#### [Work instructions]
Each line from the top of the listing through the one holding "멋으로만 있는 벙커들은" should be restated word for word, with nothing added and no pictures.

#### [Supplied material]

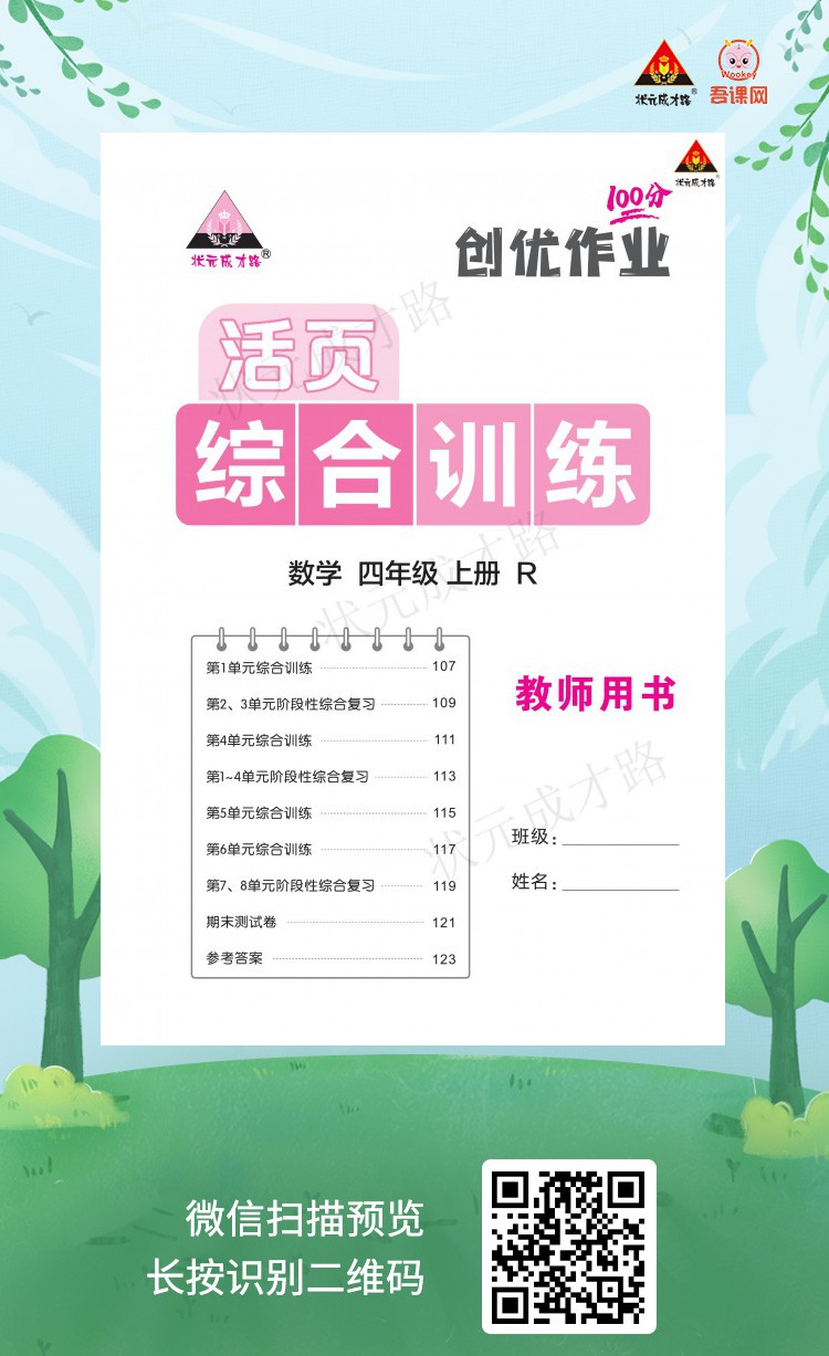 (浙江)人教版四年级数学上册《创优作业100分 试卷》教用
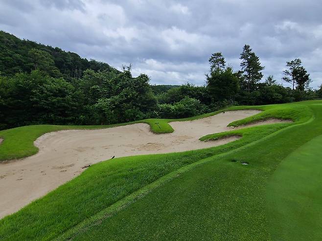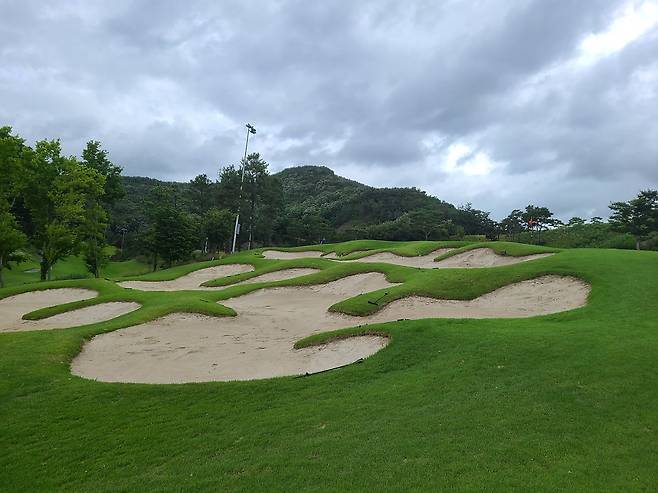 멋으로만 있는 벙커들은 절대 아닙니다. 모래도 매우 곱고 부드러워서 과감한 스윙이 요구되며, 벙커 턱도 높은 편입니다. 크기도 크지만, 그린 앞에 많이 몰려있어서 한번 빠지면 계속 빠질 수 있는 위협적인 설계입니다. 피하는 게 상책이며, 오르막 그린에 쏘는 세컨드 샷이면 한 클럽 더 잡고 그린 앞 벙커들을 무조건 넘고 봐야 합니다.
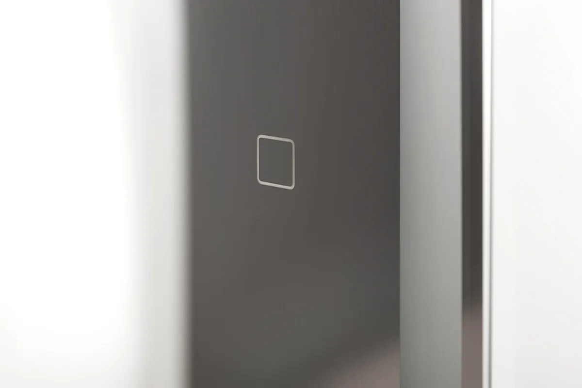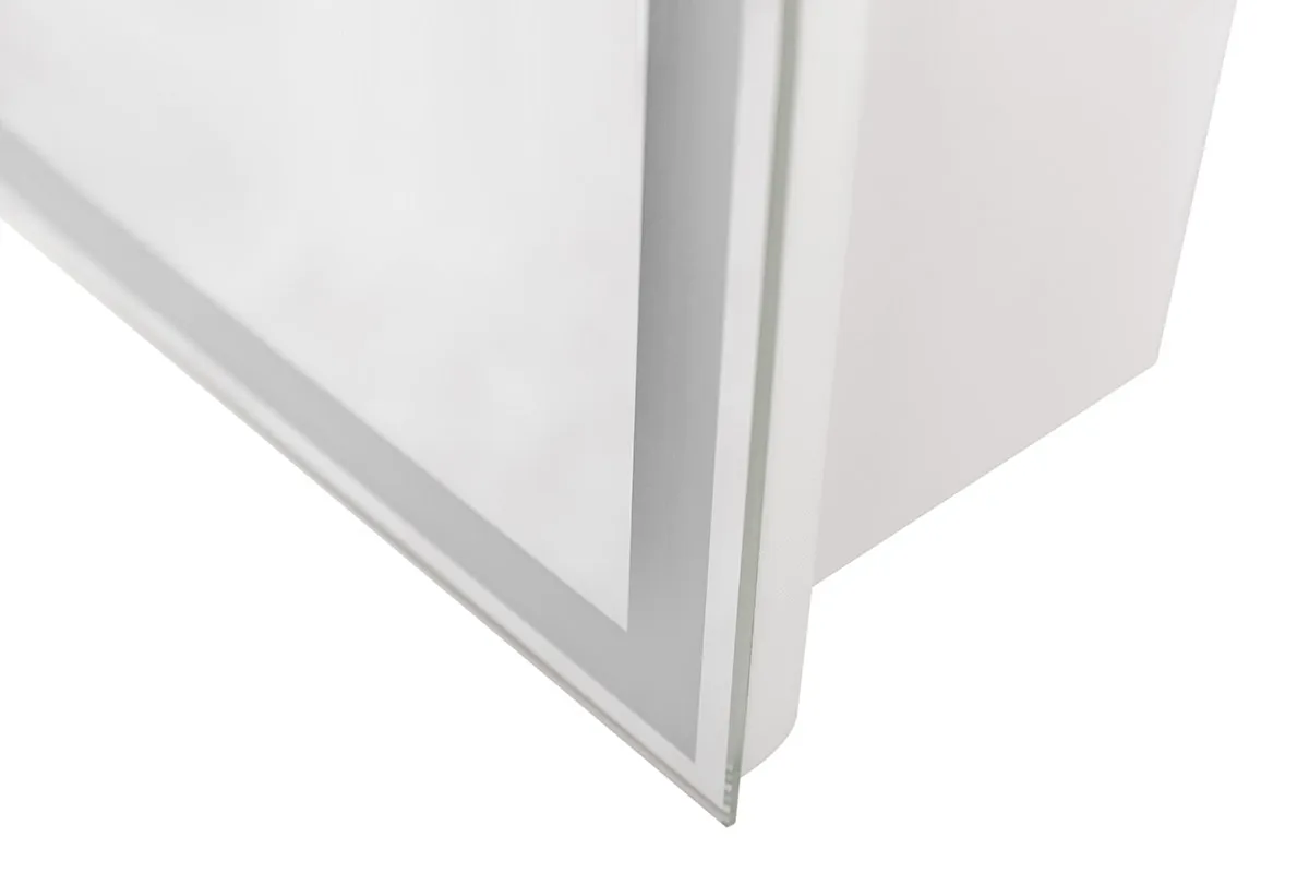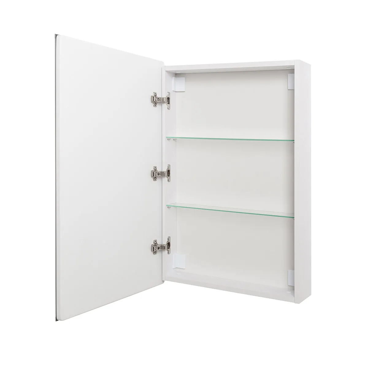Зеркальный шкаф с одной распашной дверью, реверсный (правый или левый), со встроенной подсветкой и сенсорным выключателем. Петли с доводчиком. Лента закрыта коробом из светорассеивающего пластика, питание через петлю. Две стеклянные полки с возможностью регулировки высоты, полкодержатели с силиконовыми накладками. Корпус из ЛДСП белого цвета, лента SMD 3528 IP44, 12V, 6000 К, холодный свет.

#### [Response to this task]
 (浙江)人教版四年级数学上册《创优作业100分 试卷》教用
 멋으로만 있는 벙커들은 절대 아닙니다. 모래도 매우 곱고 부드러워서 과감한 스윙이 요구되며, 벙커 턱도 높은 편입니다. 크기도 크지만, 그린 앞에 많이 몰려있어서 한번 빠지면 계속 빠질 수 있는 위협적인 설계입니다. 피하는 게 상책이며, 오르막 그린에 쏘는 세컨드 샷이면 한 클럽 더 잡고 그린 앞 벙커들을 무조건 넘고 봐야 합니다.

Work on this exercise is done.